Are there preprocess/HTML5 XSLT templates I shouldn't touch, because they could break something PDF Chemistry does differently in its own HTML5 creation?
Are there any steps or templates that PDF Chemistry omits?

For example, I see that PDF Chemistry has DITA-specialized attributes in its merged HTML5 file to enable CSS styling, whereas the standard HTML5 output has these removed.

Thanks!

Post by **julien_lacour** » Thu Aug 06, 2020 5:51 pm

Hello Chris,

In fact the PDF Chemistry transformation is based on the PDF XSL-FO transformation but uses stylesheets from the HTML5 DITA-OT plugin during the pre-process. You can see this workflow inside the DITA-OT-DIR/plugins/com.oxygenxml.pdf.css/build.xml file.

The directory structure is specific to our transformation and is inspired from the pdf2 plugin (as I explained above)
Most of the HTML5 XSLT templates are used by the pdf-css-html5 plugin (the one using Chemistry) so potentially each modification in these stylesheet will impact the PDF output (and also possibly the WebHelp Responsive output).
Some of the templates are modified from the HTML5 basis, in this case they are inside DITA-OT-DIR/plugins/com.oxygenxml.pdf.css/xsl

You will also see the html5 stylesheet import inside DITA-OT-DIR/plugins/com.oxygenxml.pdf.css/xsl/merged2html5/html5.xsl (it is the parent stylesheet called to create the .merged.html file)

Regards,
Julien

Post by **chrispitude** » Sat Aug 22, 2020 4:02 pm

Julien, this is exactly the information I needed - thank you!

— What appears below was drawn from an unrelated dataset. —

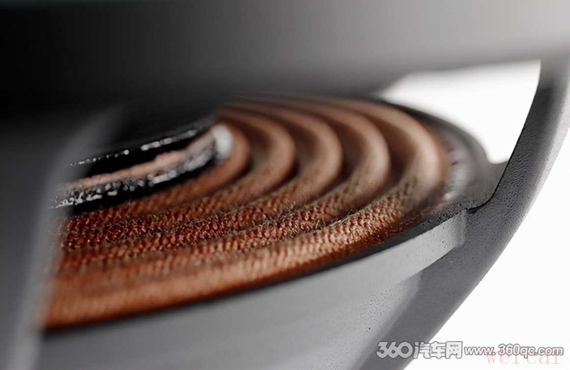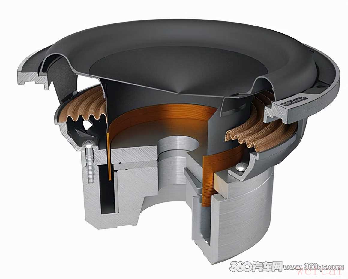 上述提到的大尺寸CCAW铜包铝音圈,赫兹在细节上也有讲究。音圈的绕线工艺能让冷却能力均衡一致,音圈和锥盆之间再由一层玻纤+聚酰胺复合材料缠绕,提升散热能力和刚性,应对大输出大动态。而且中间采用全铝短环设计,实现最小的低频失真,延伸性最大。

Post by **chrispitude** » Wed Sep 23, 2020 10:15 pm

For certain cross-references, we have a special title-only link text format specified with @outputclass:

Code: Select all

<xref href="#tableid" outputclass="title"/>

We then have code applied by the dita.xsl.topicpull extension point to implement it:

Code: Select all

  <!-- a cross-reference with outputclass=='title' always uses the target title text -->
  <xsl:template match="*[contains(@class, ' topic/table ') or contains(@class, ' topic/fig ')]"
                mode="topicpull:resolvelinktext" priority="20">
    <xsl:param name="linkElement" as="element()" tunnel="yes"/>
    <xsl:choose>

      <!-- business as usual if @outputclass != 'title' -->
      <xsl:when test="not($linkElement[contains(@outputclass, 'title')])">
        <xsl:next-match/>
      </xsl:when>

      <!-- force the title as the target text -->
      <xsl:otherwise>
        <xsl:variable name="target-text" as="xs:string*">
          <xsl:apply-templates
            select="*[contains(@class, ' topic/title ')]" mode="text-only"/>
        </xsl:variable>
        <xsl:value-of select="normalize-space(string-join($target-text, ''))"/>
      </xsl:otherwise>

    </xsl:choose>
  </xsl:template>

PDF Chemistry ignores my mode="insertReferenceTitle" template; I do not see it used in the merged XML code created by the merged2merged code, and I see that PDF Chemistry has its own mode="insertReferenceTitle" target text machinery instead at

<oxygen>/frameworks/dita/DITA-OT3.x/plugins/com.oxygenxml.pdf.css/xsl/merged2merged/merged-links.xsl

Now here's where I am confused. In my plugin, if I extend com.oxygenxml.pdf.css.xsl.merged2merged and add the following simple template, then *my* mode="topicpull:resolvelinktext" code is used!

Code: Select all

<xsl:template match="*" mode="insertReferenceTitle" priority="100">
  <xsl:next-match/>
</xsl:template>

But if I comment that template out, then PDF Chemistry's mode="insertReferenceTitle" code is used instead. The template above shouldn't change anything; it should simply fall through to the next template. But its presence or absence makes my template get applied or not applied, respectively.

What would cause this?

Post by **Dan** » Thu Sep 24, 2020 12:53 pm

I am not sure why this happens.

You can try debugging the XSLT transformation with oXygen - it is a bit complicated to setup this, but here is how it may be done:
The file you need to debug is:

DITA-OT/plugins/com.oxygenxml.pdf.css/xsl/merged2merged/merged.xsl

First, make a DITA transformation with the parameter "clean.temp" set to "no".
Then, in Oxygen XML Editor:

1. Then open the file stage1.xml file from the temporary directory.
2. Open the merged.xsl file and comment the line importing the template extension point:<xsl:import href="template:xsl/com.oxygenxml.pdf.css.xsl.merged2merged"/>
3. In the file merged-all.xsl from the same directory comment out: <xsl:import href="../review/review-pis-to-elements.xsl"/>
4. Validate the merged.xsl file, try to fix the errors by removing the missing templates calls "<xsl:call-template name="add-review-pis-for-root"/>", and by replacing calls to the function getImage(size) with zero.
5. Comment out the include to merged-tables.xsl from merged-all.xsl
6. Make a transformation, it should complete without errors.
7. Now make the transformation in the XSLT debugger.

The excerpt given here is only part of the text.